Ces mesures gouvernementales s’appuient notamment sur un rapport des inspections générales des affaires sociales et des finances rendu public le 5 novembre. Il évoque, entre autres, la "croissance rapide du nombre des demandes d’asile [...] en provenance de pays sûrs, parmi lesquels l’Albanie et la Géorgie", qui pose "la question du dévoiement du dispositif". En clair, certains demandeurs d'asile souhaiteraient "uniquement bénéficier de soins gratuits en France" - sans que l'ampleur du phénomène ne soit chiffrée dans le rapport.

"C'est faux, les personnes qui migrent ne le font pas pour des raisons médicales, ou alors c'est à la marge. Ce n'est étayé par aucune donnée", s'agace Carine Rolland. 

"On fait payer à tous les demandeurs d’asile une faute, encore une fois même pas documentée, de quelques personnes", abonde Cyrille de Billy, secrétaire général de la Cimade, également joint par InfoMigrants. "En plus, avec cette notion de 'pays sûrs', on fait tout pour dire que certaines personnes ne sont pas légitimes à demander l'asile". 

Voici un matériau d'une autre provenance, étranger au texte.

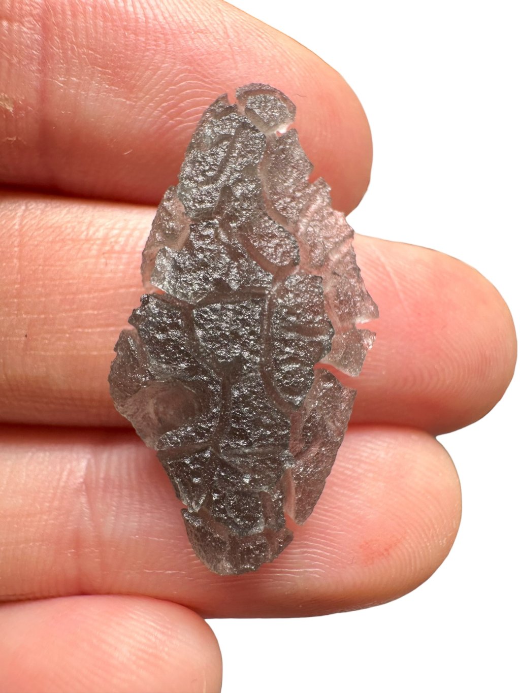 Tento výrazně skulptovaný obsidián byl odborně popsán v roce 2025 v knize Skleněné zázraky.

Des contrôles renforcés pour les bénéficiaires de l'AME

S'il n'est pas question de supprimer l'Aide Médicale d'État (AME), le dispositif réservé aux sans-papiers régulièrement au cœur de controverses, elle fera toutefois l'objet de plus importants contrôles. Un délai de trois mois de résidence en France à partir de l’expiration du visa ou du titre de séjour sera requis avant l’obtention de l’AME. Il s'agit d'éviter que des personnes venues en France en tant que touristes puissent profiter du système de santé ensuite, c'est-à-dire faire du "tourisme médical". 

La demande d'AME devra encore être présentée sur comparution physique du demandeur dans une Caisse primaire d'assurance maladie (CPAM), ou "par l’intermédiaire d’un hôpital ou d’une permanence d’accès aux soins de santé (PASS)". Pour Cyrille de Billy, cela s'inscrit dans la même veine que les autres décisions : "on complique l'accès déjà difficile aux soins et va accroître encore plus le nombre de renoncements aux soins". "On est à l'ère de la dématérialisation, il y a de moins en moins d'accueil public et là, on demande à des personnes d'aller physiquement déposer leur dossier : c'est discriminatoire", affirme de son côté Carine Rolland. 

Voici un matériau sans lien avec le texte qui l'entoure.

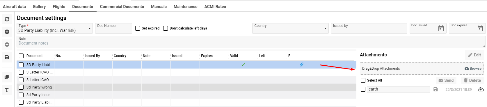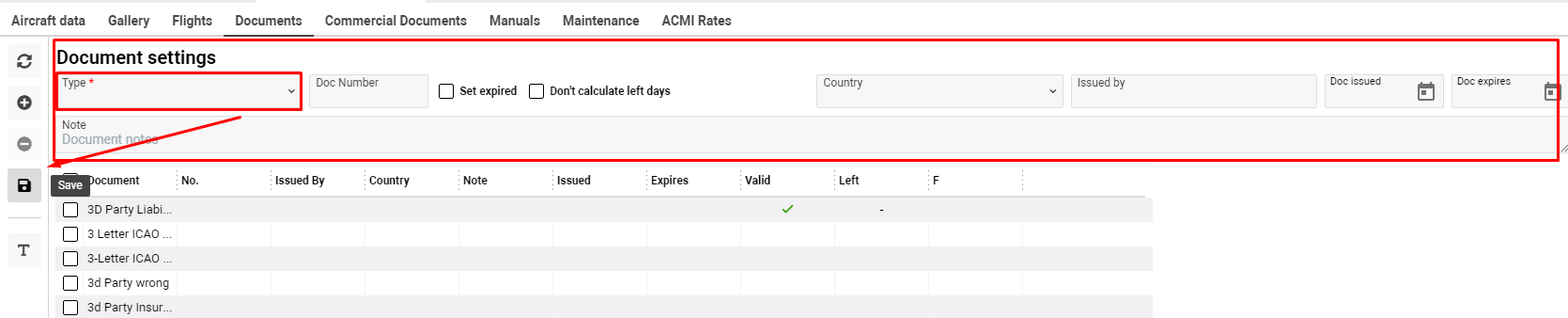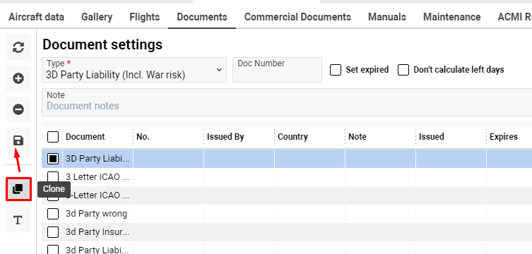 Also, you can switch quickly to Aircraft Documents Types and add missing types

Enfin, les soins considérés comme non-urgents devront être validés avant par la Sécurité sociale pour lutter contre les fraudes. Les prestations concernées sont, par exemple, la pose de prothèses, l’opération de la cataracte ou encore les soins de kinésithérapie. "On demande aux agents de la sécurité sociale d’être des acteurs du contrôle de la politique migratoire française, comme s’ils étaient une préfecture. Les CPAM ne sont pas des antennes du ministère de l'Intérieur !", note encore Carine Rolland. 

Dans un communiqué publié le 7 novembre, la Cimade explique par ailleurs que ces décisions censées combattre la "fraude à l'aide médicale d'État" ne sont pas accompagnées des chiffres existants à ce sujet. En effet, en 2018, un rapport du Sénat avait souligné que seuls 38 cas de fraude avaient été détectés, sur plus de 300 000 bénéficiaires de l'AME, soit 0,01%.